Your knocksensors ,sparkplugs ,fuel injecters and AT will thank you on the last two as well .
(Your vehicle has a spark retard feature (during shifts) that will with even just mid throttle have no useable margin if you run 87/88 octane and very little if you run 89 ie you will have more "shift shock").
If "converting back" to 91 , it can sometimes take as much as 3/4 tankfuls before you realize all the benefits - it can take a long time for the engine to "relearn" depending .
Of course , you can just "wipe" the memory and then drive it a lttle bit vigoriously .

Added :
On a '98 at least , the factory specified octane range is R+M/2 = 89-93.5 ("normal" altitude) .

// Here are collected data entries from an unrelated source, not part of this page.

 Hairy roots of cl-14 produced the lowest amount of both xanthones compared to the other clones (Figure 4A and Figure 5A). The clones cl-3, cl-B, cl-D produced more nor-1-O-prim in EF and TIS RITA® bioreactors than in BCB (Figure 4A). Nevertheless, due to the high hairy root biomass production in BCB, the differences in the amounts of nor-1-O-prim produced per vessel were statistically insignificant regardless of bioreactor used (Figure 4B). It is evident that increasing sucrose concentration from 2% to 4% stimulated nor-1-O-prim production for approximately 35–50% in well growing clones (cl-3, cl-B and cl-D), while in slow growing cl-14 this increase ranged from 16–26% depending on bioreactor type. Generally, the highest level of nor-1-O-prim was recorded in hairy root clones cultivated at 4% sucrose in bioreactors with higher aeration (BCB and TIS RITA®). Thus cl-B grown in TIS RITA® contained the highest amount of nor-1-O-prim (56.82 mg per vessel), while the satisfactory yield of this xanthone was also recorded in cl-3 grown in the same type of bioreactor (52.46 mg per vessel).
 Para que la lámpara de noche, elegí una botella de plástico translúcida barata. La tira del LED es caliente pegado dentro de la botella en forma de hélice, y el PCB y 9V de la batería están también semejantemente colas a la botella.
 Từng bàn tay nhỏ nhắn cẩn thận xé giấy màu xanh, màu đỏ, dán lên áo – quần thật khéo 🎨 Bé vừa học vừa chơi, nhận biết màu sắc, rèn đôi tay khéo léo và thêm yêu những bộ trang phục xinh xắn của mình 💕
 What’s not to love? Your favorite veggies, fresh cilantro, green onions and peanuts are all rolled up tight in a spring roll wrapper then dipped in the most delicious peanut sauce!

It is definitely worth staying above 91 and in markets where available running the 93-93.5 .

(During part of this vehicles life 91 was the highest available in certain locations (non altitude dependent))


 
G20ooh wrote:

3s if not all the cost difference never mind all the rest - and there is alot of "all the rest" .
Your knocksensors ,sparkplugs ,fuel injecters and AT will thank you on the last two as well . (Your vehicle has a spark retard feature (during shifts) that will with even just mid throttle have no useable margin if you run 87/88 octane and very little if you run 89 ie you will have more "shift shock"). . . . >>

G20ooh, what do you mean by "shift shock"? Do you mean that it will produce more stress on your transmission? Throw a transmission-related CEL? Please explain.